** Opening RECORD EXCERPTS block **
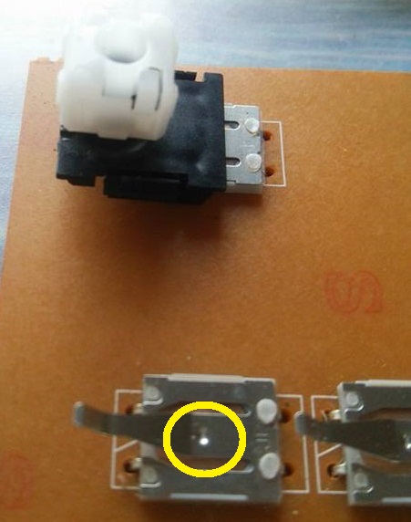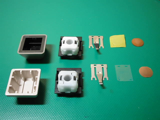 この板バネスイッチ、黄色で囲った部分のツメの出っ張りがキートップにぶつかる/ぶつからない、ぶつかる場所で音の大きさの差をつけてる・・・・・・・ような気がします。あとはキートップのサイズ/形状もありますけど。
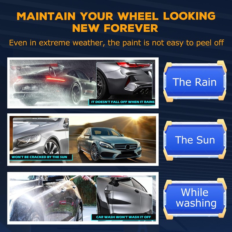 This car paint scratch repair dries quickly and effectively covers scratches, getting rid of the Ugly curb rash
** Closing RECORD EXCERPTS block **
** Opening RECORD EXCERPTS block **
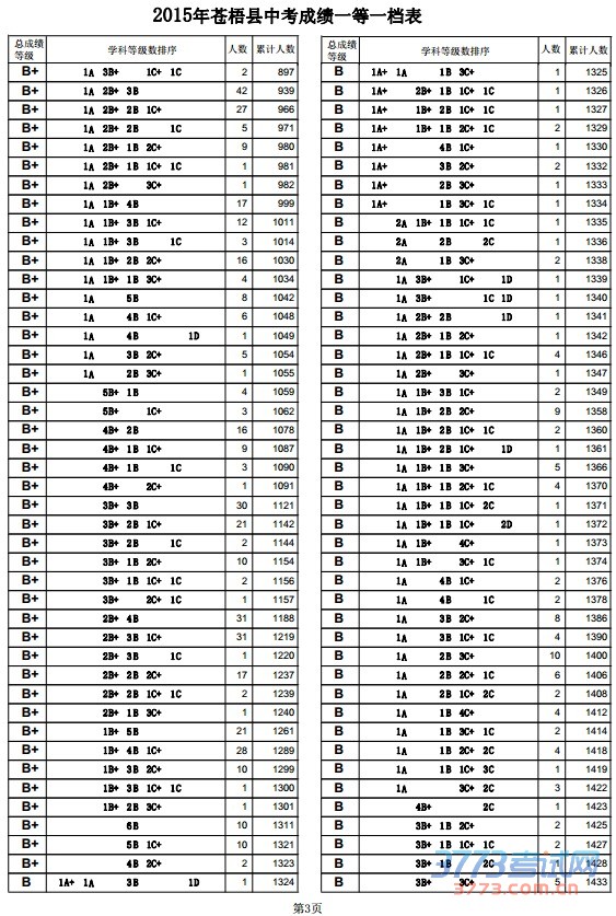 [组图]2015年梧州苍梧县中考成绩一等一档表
** Closing RECORD EXCERPTS block **
** Opening RECORD EXCERPTS block **
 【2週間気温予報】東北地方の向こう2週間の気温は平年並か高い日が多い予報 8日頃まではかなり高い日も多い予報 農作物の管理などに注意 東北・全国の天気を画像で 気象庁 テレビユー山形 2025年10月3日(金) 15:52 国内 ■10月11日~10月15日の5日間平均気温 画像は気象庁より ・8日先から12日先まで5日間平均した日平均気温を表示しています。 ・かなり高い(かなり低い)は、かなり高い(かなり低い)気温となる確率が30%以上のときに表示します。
** Closing RECORD EXCERPTS block **
* [WHAT IS REQUIRED]:
Would you please repeat only the lines above, beginning at the one that has "この板バネスイッチ、黄色で囲" and stopping after the one that has "This car paint", exactly and with no pictures?

* [WRITTEN SOLUTION]:
 この板バネスイッチ、黄色で囲った部分のツメの出っ張りがキートップにぶつかる/ぶつからない、ぶつかる場所で音の大きさの差をつけてる・・・・・・・ような気がします。あとはキートップのサイズ/形状もありますけど。
 This car paint scratch repair dries quickly and effectively covers scratches, getting rid of the Ugly curb rash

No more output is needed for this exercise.